No será el último movimiento atrás. El club quiere sumar otro defensor y ha puesto sus ojos en Jan Paul van Hecke, de Brighton. En paralelo, Brighton ha lanzado una ofensiva por una de las joyas de Tottenham: Luka Vuskovic. El central croata de 19 años, que se consolidó como uno de los mejores jóvenes defensas de Europa durante su cesión en el Hamburgo, ve con buenos ojos irse a Brighton. Hay una oferta de 30 millones de libras sobre la mesa, pero en el Tottenham Hotspur Stadium no están convencidos de aceptarla en estos términos.

Todo encaja en un plan mayor: construir una plantilla hecha a medida para el estilo de De Zerbi. Y ahí el mediocentro organizador es innegociable. Sin esa figura, el dibujo se resiente.

El vacío en las bandas y el frente de ataque

No todo pasa por el eje. En los despachos de Tottenham llevan un año buscando un extremo que pueda asumir el relevo de Heung-Min Son en el futuro. Lo han intentado con Bryan Mbeumo y con Antoine Semenyo. Dos operaciones fallidas. Este verano, uno de los nombres que manejan es Savinho, propiedad de Manchester City.

De Zerbi también quiere otro delantero. No un nueve fijo y estático, sino un atacante capaz de moverse por todo el frente ofensivo, de adaptarse a diferentes sistemas y de ofrecer soluciones cuando las lesiones vuelvan a golpear, como ya ocurrió la pasada temporada. Quiere variedad, quiere alternativas, quiere un ataque menos previsible.
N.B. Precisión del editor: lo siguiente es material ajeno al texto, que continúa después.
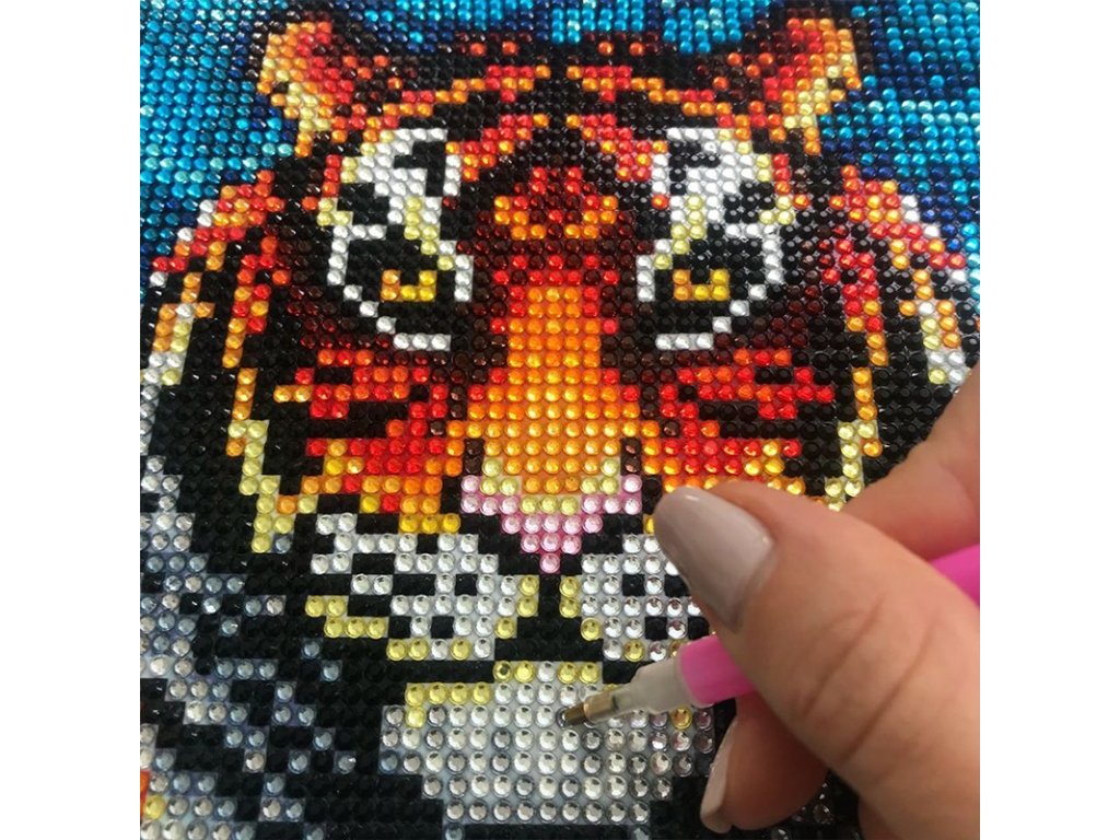 Vytvořte si krásný obraz tygra lepením drobných diamantů - malých dílků mozaiky.

La incógnita en la portería

Hay otro frente abierto: la portería. Todo puede cambiar si Guglielmo Vicario decide regresar a Italia. Juventus le tiene en su lista mientras estudia un posible movimiento, e Inter ya mostró interés en el pasado. Si el italiano sale, Tottenham tendrá que reaccionar rápido y fichar otro guardameta.
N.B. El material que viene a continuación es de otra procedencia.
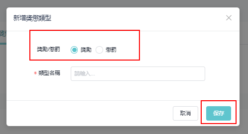 * 在新增奖励惩戒类型的弹出窗口中，选择 「奖励/惩罚」，输入类型名称，点选 「保存」。

En el tramo final de la temporada, Antonin Kinsky se adueñó del puesto bajo las órdenes de De Zerbi. Su rendimiento ha dado algo de tranquilidad, pero nadie en el club se engaña: si Vicario se marcha, el mercado de porteros se convertirá en otra prioridad.
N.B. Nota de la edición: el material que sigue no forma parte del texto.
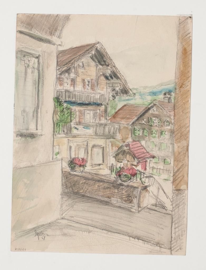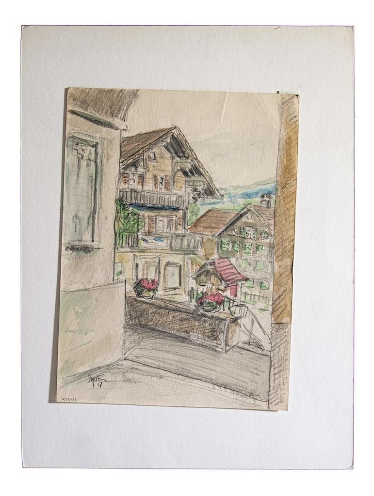 Werner Epstein - Mountain Village - Original Pencil and Pastel Drawing - 1957

Una apuesta que define una era

Entre todas esas operaciones, una destaca por encima del resto. El intento por Sandro Tonali no es solo una oportunidad de mercado. Es una declaración de intenciones.

Si Tottenham consigue arrancar a uno de los mejores mediocentros de la liga de un Newcastle que no quiere vender, habrá dado un golpe sobre la mesa que cambiaría la percepción del proyecto de De Zerbi.

Si no lo logra, la pregunta será inevitable: ¿podrá este Tottenham alcanzar el techo que su entrenador imagina sin un líder como Tonali en el corazón del equipo?